**What this task involves**
Retype exactly the span of lines below from the one with "Elegantná a praktická" through the one with "姜切末,葱切末。猪肝洗净切小". Do not include pictures.

**Material provided**
##############################

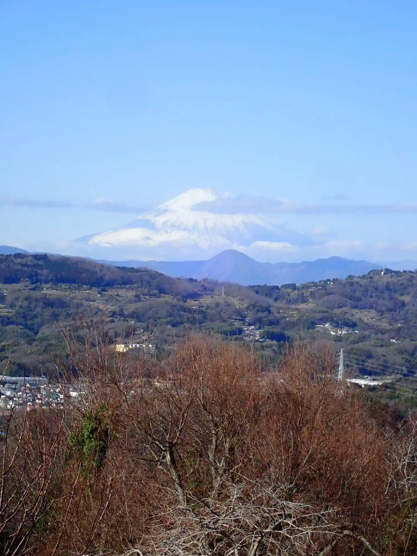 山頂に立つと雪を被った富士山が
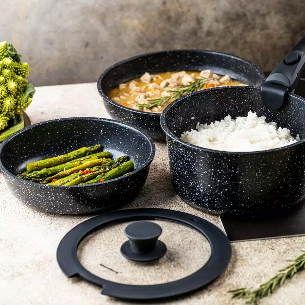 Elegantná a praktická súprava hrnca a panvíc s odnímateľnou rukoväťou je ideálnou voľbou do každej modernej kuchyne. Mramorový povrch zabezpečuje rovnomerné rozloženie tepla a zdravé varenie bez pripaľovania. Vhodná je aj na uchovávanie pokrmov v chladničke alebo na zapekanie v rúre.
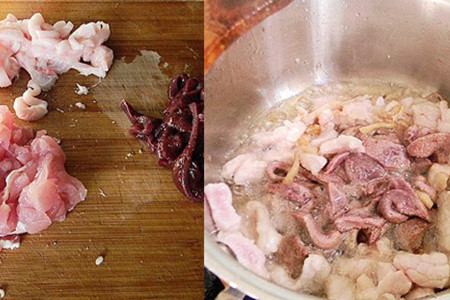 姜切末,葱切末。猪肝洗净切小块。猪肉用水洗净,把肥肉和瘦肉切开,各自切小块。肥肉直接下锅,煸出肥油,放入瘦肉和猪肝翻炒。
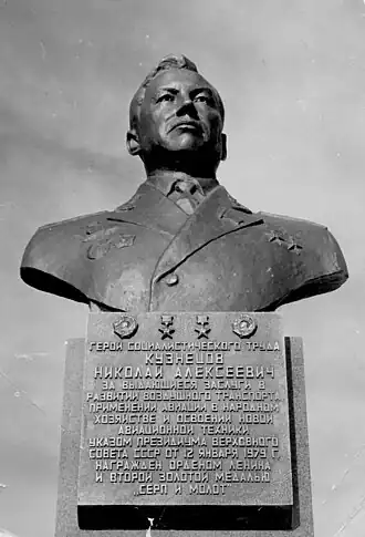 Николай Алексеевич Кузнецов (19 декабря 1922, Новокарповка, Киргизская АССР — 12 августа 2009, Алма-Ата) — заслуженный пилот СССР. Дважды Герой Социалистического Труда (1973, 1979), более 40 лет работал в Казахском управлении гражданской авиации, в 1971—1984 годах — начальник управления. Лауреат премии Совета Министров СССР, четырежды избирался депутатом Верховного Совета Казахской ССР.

##############################

**Solution to this task**
 Elegantná a praktická súprava hrnca a panvíc s odnímateľnou rukoväťou je ideálnou voľbou do každej modernej kuchyne. Mramorový povrch zabezpečuje rovnomerné rozloženie tepla a zdravé varenie bez pripaľovania. Vhodná je aj na uchovávanie pokrmov v chladničke alebo na zapekanie v rúre.
 姜切末,葱切末。猪肝洗净切小块。猪肉用水洗净,把肥肉和瘦肉切开,各自切小块。肥肉直接下锅,煸出肥油,放入瘦肉和猪肝翻炒。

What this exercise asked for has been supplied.